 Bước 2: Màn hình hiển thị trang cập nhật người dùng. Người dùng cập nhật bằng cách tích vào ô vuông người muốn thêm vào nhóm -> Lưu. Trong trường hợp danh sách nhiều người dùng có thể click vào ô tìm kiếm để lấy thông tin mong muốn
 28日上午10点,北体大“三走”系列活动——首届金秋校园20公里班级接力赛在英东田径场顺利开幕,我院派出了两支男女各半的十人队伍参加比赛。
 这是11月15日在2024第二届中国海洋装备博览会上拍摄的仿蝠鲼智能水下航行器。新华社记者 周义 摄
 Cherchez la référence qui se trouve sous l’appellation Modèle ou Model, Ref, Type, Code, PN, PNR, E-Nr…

-*-*-

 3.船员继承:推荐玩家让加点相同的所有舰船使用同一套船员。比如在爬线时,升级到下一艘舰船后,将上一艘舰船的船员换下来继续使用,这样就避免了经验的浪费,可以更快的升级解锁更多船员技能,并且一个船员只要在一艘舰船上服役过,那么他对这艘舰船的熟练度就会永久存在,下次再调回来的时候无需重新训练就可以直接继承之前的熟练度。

-*-*-

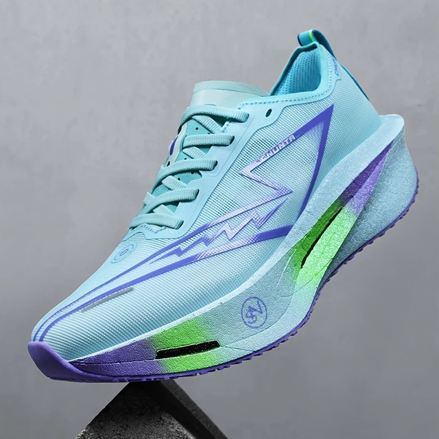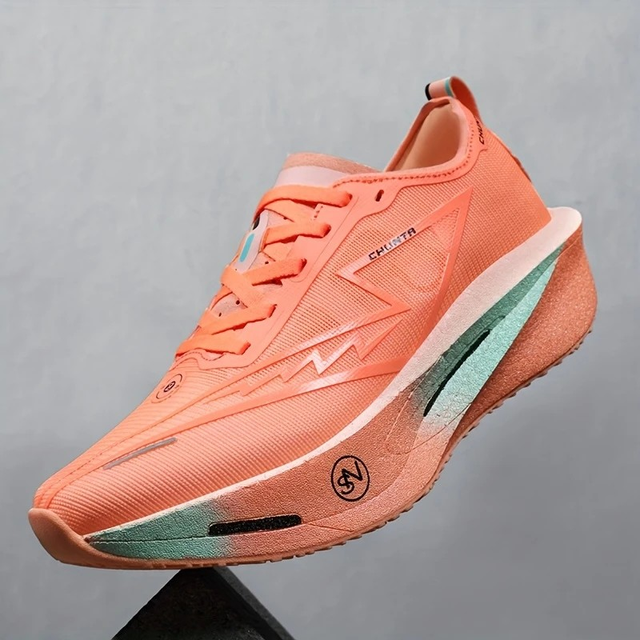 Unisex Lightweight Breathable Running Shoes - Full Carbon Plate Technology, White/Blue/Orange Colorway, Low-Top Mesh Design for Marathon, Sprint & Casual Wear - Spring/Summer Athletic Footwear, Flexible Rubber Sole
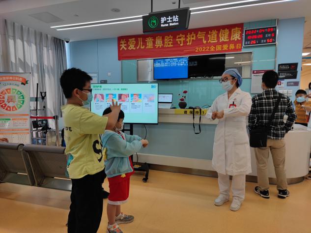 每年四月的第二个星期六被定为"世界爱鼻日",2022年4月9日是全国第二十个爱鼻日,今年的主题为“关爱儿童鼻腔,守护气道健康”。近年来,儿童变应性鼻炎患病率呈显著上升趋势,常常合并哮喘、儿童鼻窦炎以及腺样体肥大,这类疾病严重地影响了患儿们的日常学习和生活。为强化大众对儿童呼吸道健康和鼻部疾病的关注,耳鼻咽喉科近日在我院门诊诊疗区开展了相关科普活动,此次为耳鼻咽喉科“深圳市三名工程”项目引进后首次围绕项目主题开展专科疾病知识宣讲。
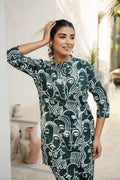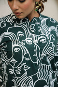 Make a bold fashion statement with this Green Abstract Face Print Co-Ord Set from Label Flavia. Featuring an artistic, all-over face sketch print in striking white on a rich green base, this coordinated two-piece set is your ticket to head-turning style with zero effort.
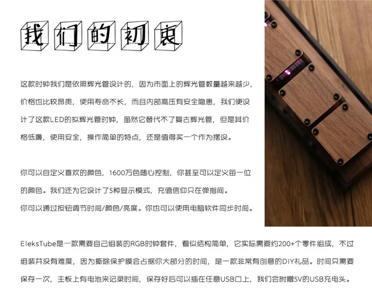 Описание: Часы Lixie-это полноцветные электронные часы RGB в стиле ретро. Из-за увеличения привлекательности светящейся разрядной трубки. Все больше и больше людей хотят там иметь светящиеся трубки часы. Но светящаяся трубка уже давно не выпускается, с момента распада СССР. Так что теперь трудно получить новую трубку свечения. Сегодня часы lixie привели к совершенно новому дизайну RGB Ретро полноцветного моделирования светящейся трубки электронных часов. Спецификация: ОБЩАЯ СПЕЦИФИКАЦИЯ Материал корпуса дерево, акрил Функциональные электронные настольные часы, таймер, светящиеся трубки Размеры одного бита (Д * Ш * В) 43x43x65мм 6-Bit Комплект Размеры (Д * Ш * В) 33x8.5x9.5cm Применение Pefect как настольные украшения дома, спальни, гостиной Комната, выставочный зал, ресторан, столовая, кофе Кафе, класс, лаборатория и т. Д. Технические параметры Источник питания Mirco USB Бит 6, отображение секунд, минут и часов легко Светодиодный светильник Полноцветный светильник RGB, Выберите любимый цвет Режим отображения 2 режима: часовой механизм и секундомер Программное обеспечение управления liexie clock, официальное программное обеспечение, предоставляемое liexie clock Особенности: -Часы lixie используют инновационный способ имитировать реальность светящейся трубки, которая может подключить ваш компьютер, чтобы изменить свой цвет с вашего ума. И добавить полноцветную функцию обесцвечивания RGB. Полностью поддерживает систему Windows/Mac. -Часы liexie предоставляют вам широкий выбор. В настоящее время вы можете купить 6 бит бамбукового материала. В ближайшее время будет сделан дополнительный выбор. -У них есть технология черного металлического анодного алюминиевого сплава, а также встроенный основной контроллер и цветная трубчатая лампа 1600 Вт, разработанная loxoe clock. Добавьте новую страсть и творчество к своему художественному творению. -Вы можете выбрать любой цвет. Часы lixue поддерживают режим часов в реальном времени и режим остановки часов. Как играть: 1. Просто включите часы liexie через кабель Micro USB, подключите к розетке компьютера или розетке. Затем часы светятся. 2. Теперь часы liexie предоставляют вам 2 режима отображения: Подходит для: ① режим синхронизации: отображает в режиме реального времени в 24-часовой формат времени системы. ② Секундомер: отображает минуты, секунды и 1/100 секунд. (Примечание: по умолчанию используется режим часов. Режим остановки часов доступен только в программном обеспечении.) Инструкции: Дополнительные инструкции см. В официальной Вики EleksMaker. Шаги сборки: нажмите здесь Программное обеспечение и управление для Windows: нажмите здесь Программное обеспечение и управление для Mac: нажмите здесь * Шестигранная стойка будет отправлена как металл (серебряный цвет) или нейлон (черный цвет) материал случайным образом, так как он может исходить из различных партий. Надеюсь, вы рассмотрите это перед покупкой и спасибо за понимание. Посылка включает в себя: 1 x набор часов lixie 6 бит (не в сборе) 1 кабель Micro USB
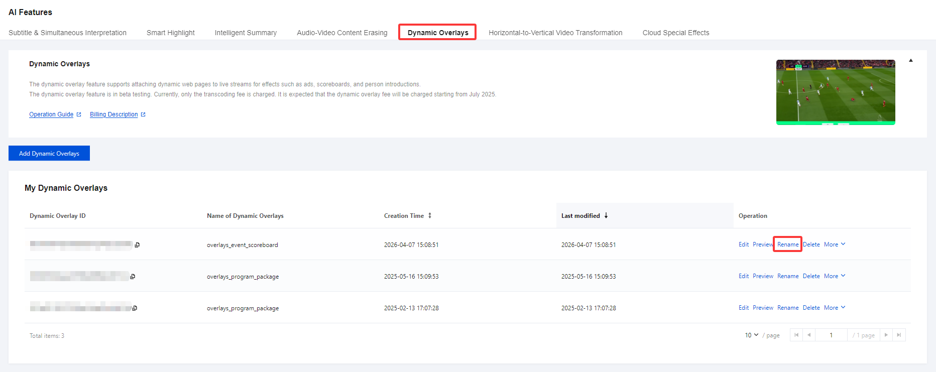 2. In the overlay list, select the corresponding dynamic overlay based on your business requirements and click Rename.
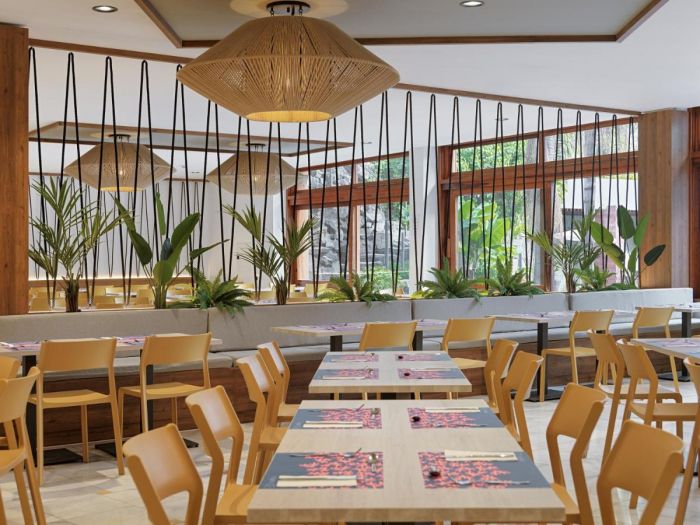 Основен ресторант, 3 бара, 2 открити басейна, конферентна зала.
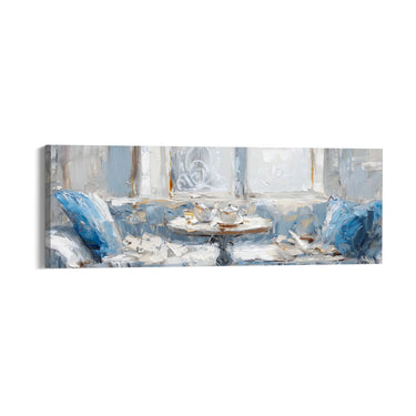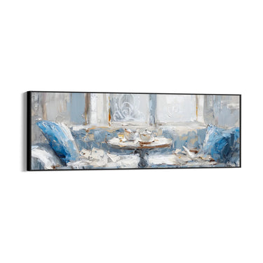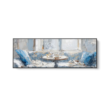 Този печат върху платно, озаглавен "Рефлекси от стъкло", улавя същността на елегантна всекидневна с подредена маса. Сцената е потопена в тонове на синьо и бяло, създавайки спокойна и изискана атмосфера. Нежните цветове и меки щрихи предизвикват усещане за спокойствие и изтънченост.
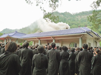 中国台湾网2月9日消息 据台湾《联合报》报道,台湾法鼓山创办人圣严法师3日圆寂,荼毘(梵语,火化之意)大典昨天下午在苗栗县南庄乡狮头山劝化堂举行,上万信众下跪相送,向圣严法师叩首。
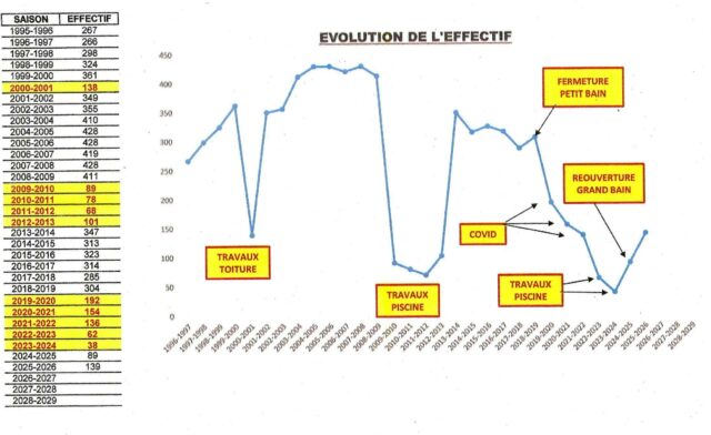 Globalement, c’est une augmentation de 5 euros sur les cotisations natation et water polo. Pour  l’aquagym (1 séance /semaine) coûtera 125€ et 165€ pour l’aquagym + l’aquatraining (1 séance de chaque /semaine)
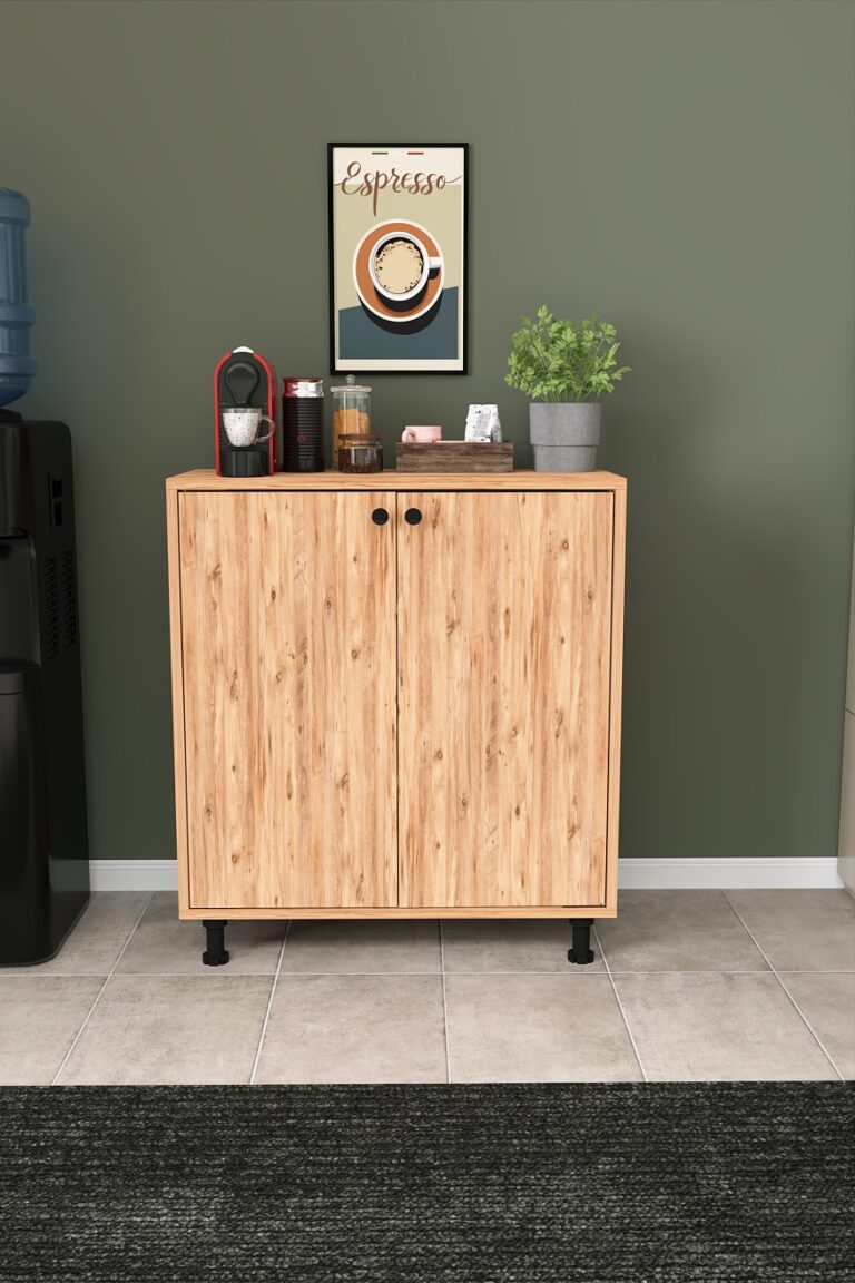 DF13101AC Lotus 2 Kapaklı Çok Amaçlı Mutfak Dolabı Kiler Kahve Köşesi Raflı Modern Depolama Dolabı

-*-*-

- **EXERCISE OBJECTIVE**
Within the material above, copy exactly the lines from the line that holds "Bước 2: Màn" up to and including the line that holds "Cherchez la référence".

- **ANSWER SPACE**
 Bước 2: Màn hình hiển thị trang cập nhật người dùng. Người dùng cập nhật bằng cách tích vào ô vuông người muốn thêm vào nhóm -> Lưu. Trong trường hợp danh sách nhiều người dùng có thể click vào ô tìm kiếm để lấy thông tin mong muốn
 28日上午10点,北体大“三走”系列活动——首届金秋校园20公里班级接力赛在英东田径场顺利开幕,我院派出了两支男女各半的十人队伍参加比赛。
 这是11月15日在2024第二届中国海洋装备博览会上拍摄的仿蝠鲼智能水下航行器。新华社记者 周义 摄
 Cherchez la référence qui se trouve sous l’appellation Modèle ou Model, Ref, Type, Code, PN, PNR, E-Nr…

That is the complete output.